For normal training and evaluation we recommend installing the package from source using a poetry virtual enviroment.

git clone https://github.com/eriklindernoren/PyTorch-YOLOv3
cd PyTorch-YOLOv3/
pip3 install poetry --user
poetry install

You need to join the virtual enviroment by runing poetry shell in this directory before running any of the following commands without the poetry run prefix. Also have a look at the other installing method, if you want to use the commands everywhere without opening a poetry-shell.

Download pretrained weights

./weights/download_weights.sh

Download COCO

./data/get_coco_dataset.sh

Install via pip

This installation method is recommended, if you want to use this package as a dependency in another python project. This method only includes the code, is less isolated and may conflict with other packages. Weights and the COCO dataset need to be downloaded as stated above. See API for further information regarding the packages API. It also enables the CLI tools yolo-detect, yolo-train, and yolo-test everywhere without any additional commands.

pip3 install pytorchyolo --user

Test

Evaluates the model on COCO test dataset. To download this dataset as well as weights, see above.

poetry run yolo-test --weights weights/yolov3.weights
Model mAP (min. 50 IoU)
YOLOv3 608 (paper) 57.9
YOLOv3 608 (this impl.) 57.3
YOLOv3 416 (paper) 55.3
YOLOv3 416 (this impl.) 55.5

Inference

Uses pretrained weights to make predictions on images. Below table displays the inference times when using as inputs images scaled to 256x256. The ResNet backbone measurements are taken from the YOLOv3 paper. The Darknet-53 measurement marked shows the inference time of this implementation on my 1080ti card.

Backbone GPU FPS
ResNet-101 Titan X 53
ResNet-152 Titan X 37
Darknet-53 (paper) Titan X 76
Darknet-53 (this impl.) 1080ti 74
poetry run yolo-detect --images data/samples/

Train

For argument descriptions have a lock at poetry run yolo-train --help

Example (COCO)

To train on COCO using a Darknet-53 backend pretrained on ImageNet run:

poetry run yolo-train --data config/coco.data  --pretrained_weights weights/darknet53.conv.74

Tensorboard

Track training progress in Tensorboard:

poetry run tensorboard --logdir='logs' --port=6006

Storing the logs on a slow drive possibly leads to a significant training speed decrease.

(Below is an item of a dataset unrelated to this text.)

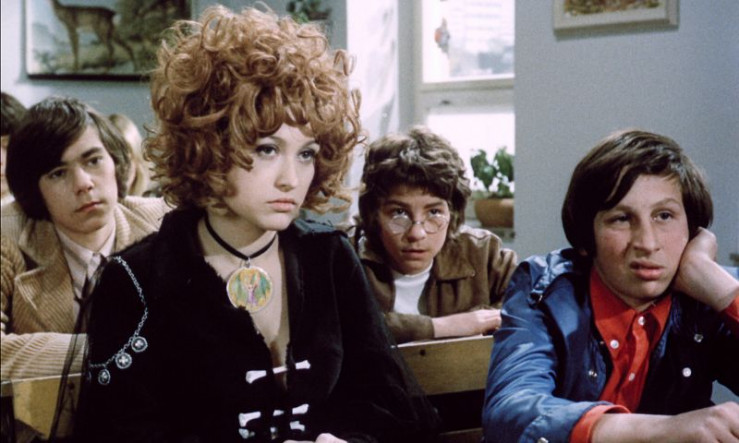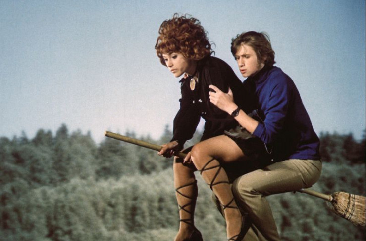Als die Hexenmeisterin (Ludmila Píchová, links) Saxana zum Schuldirektor (Josef Bláha, rechts) bringt, verordnet dieser 300 Jahre Nachsitzen.

You can adjust the log directory using --logdir when running tensorboard and yolo-train.

Train on Custom Dataset

Custom model

Run the commands below to create a custom model definition, replacing with the number of classes in your dataset.

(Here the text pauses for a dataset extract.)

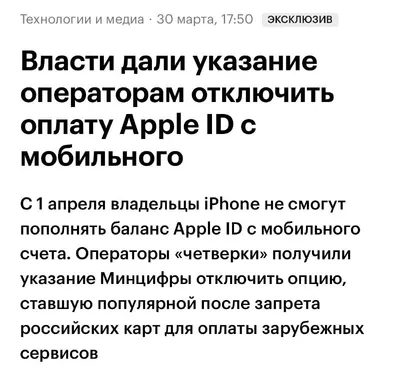 ❗️Четыре способа пополнить счёт Apple ID, чтобы сохранить свои фото и подписки, в т.ч. iCloud, Music, TV. ➖Мобильный телефон Сегодня, 31 марта, последний день, когда можно пополнить баланс российског
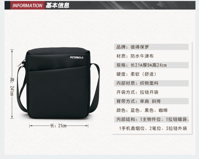 PETERBOLO / Peter Paul bolso de hombre mochila de lona de hombro mochila de tela de Oxford mochila de ocio viaje de ocio

./config/create_custom_model.sh <num-classes>  # Will create custom model 'yolov3-custom.cfg'

Classes

Add class names to data/custom/classes.names. This file should have one row per class name.

Image Folder

Move the images of your dataset to data/custom/images/.

Annotation Folder

Move your annotations to data/custom/labels/. The dataloader expects that the annotation file corresponding to the image data/custom/images/train.jpg has the path data/custom/labels/train.txt. Each row in the annotation file should define one bounding box, using the syntax label_idx x_center y_center width height. The coordinates should be scaled [0, 1], and the label_idx should be zero-indexed and correspond to the row number of the class name in data/custom/classes.names.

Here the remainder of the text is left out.